The compound is 2-(1-(Ethylsulfonyl)-3-(4-(7-((2-(trimethylsilyl)ethoxy)methyl)-7H-pyrrolo[2,3-d]pyrimidin-4-yl)-1H-pyrazol-1-yl)azetidin-3-yl)acetonitrile, a fully assembled intermediate that incorporates four distinct pharmacophoric fragments into a single molecular scaffold in the baricitinib synthetic cascade. Structurally, the molecule comprises a 7H-pyrrolo[2,3-d]pyrimidine core (the heterocyclic skeleton common to multiple JAK inhibitors), a pyrazole spacer linking the core to a quaternary azetidine side chain, a ethylsulfonyl group at the azetidine nitrogen, and a terminal nitrile group appended to the azetidine ring. The 4-position of the pyrrolopyrimidine core bears the pyrazole substituent — the result of an earlier SNAr reaction with a pyrazole nucleophile — while the N-7 position remains protected by the acid-labile SEM (2-(trimethylsilyl)ethoxymethyl) group, allowing orthogonal deprotection at a late stage. The azetidine ring features a quaternary carbon bearing the acetonitrile side chain and the pyrazole linkage, a sterically congested architecture that is notably challenging to construct. The ethylsulfonyl group at the azetidine nitrogen persists through to the final API, where it contributes to baricitinib‘s JAK selectivity profile. The trimethylsilyl subunit embedded within the SEM group serves as a distinctive lipophilic handle that enhances solubility in organic media and facilitates chromatographic purification.

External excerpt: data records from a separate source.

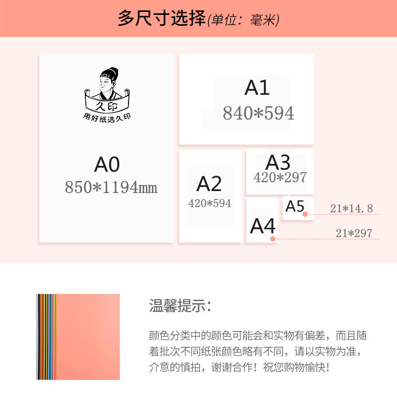a4彩色打印复印纸办公用纸复印纸100张粉色大红色彩色学生DIY益智手工折纸白色纸折纸加厚彩打纸混色a4纸红纸
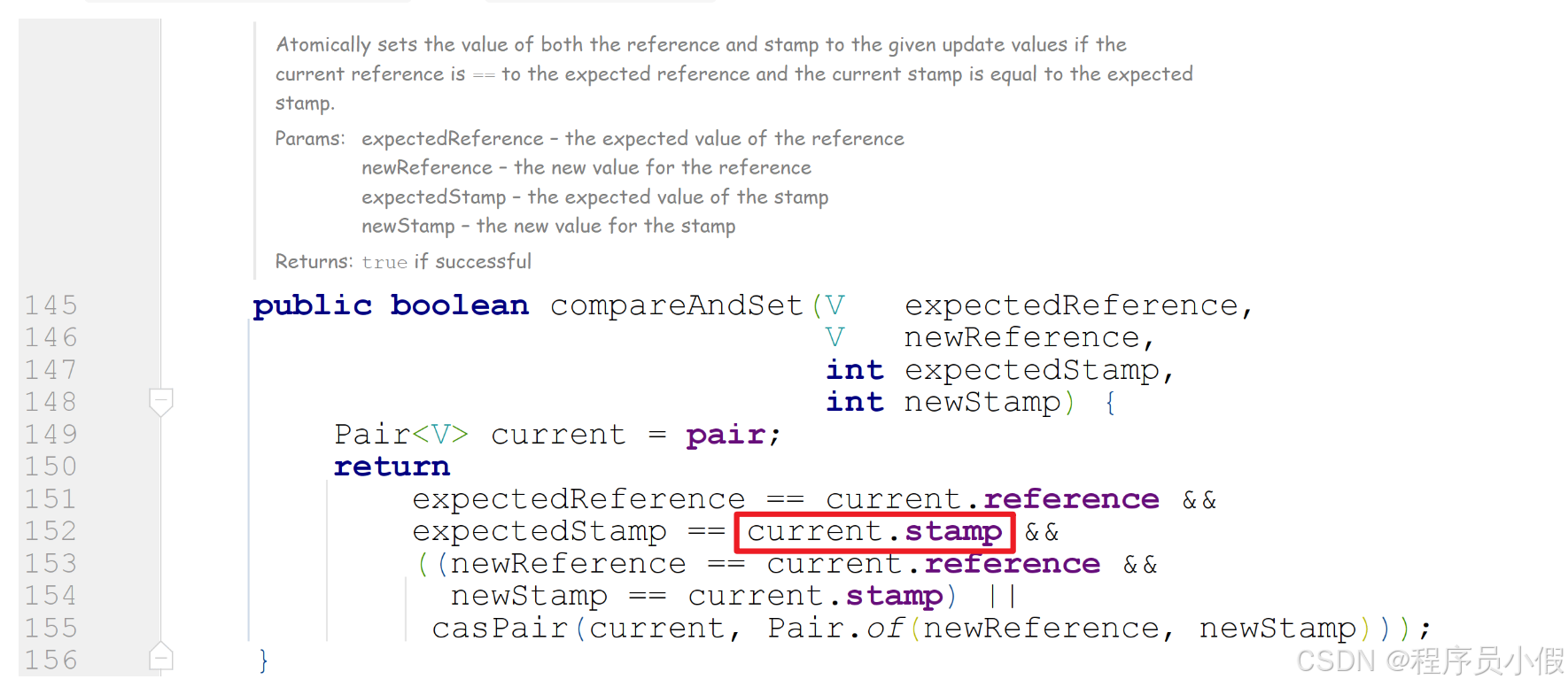 可以看到AtomicStampedReference里的compareAndSet()中多了 一个stamp比较(也就是版本),这个值是由每次更新时来维护的。
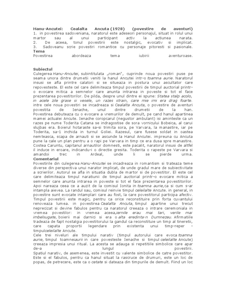 în elaborarea eseului vei avea în vedere următoarele repere evidenţierea. Exprimarea unui punct de vedere argumentat despre modul in care se reflecta viziunea despre lume in basmul cult pentru care ai optat. Hanul ancutei tema si viziunea despre lume. Subiectul al iii lea 30 de puncte varianta 043scrie un eseu de 2 3 pagini în care să prezinţi tema şi viziunea despre lume reflectate într un roman psihologic din perioada interbelică.
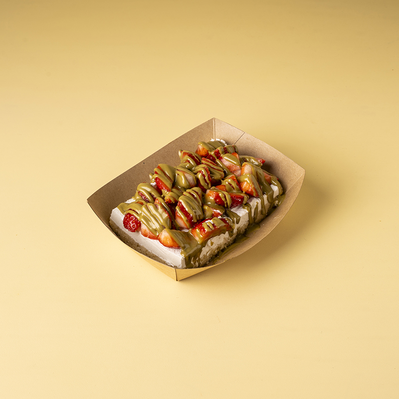 Le Nuage à la Fraise associe un moelleux vanille à une crème maison onctueuse, généreusement garni de fraises fraîches et sublimé d’un nappage pistache coulant. Une création fraîche et délicatement fruitée, à partager à deux pour un moment doux et gourmand.
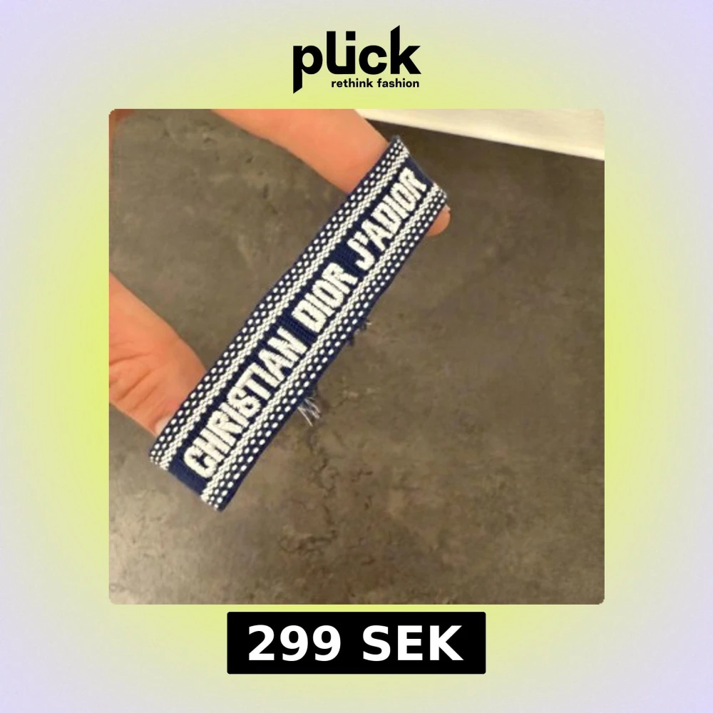 Snyggt blått armband från Christian Dior med texten 'J'Adior' broderad i vitt. Armbandet har justerbar knytning med tofsar och är dekorerat med vita prickar längs kanterna. Perfekt accessoar för att lyfta din outfit.

The product is 1-(1-Ethoxyethyl)-4-(4,4,5,5-tetramethyl-1,3,2-dioxaborolan-2-yl)-1H-pyrazole, an N-protected pyrazole-4-boronic acid pinacol ester that integrates three architecturally distinct domains: a pyrazole heterocycle at the core, a boronic acid pinacol ester (Bpin) at the 4-position for cross‑coupling reactions, and a labile 1-(1-ethoxyethyl) (EE) group at the N-1 position of the pyrazole ring. The pinacol boronate ester — featuring two dimethyl-substituted oxygen atoms forming a five-membered dioxaborolane ring — stabilizes the organoboron moiety against premature protodeboronation while remaining fully compatible with palladium‑catalyzed Suzuki–Miyaura coupling conditions. The acid‑labile EE group serves as a transient protecting group, which can be selectively removed under mild acidic conditions without disturbing the Bpin functionality. This orthogonal reactivity — base- and coupling‑compatible protection combined with acid‑triggered deprotection — makes 1-(1-Ethoxyethyl)-4-(4,4,5,5-tetramethyl-1,3,2-dioxaborolan-2-yl)-1H-pyrazole a uniquely versatile building block in contemporary medicinal chemistry.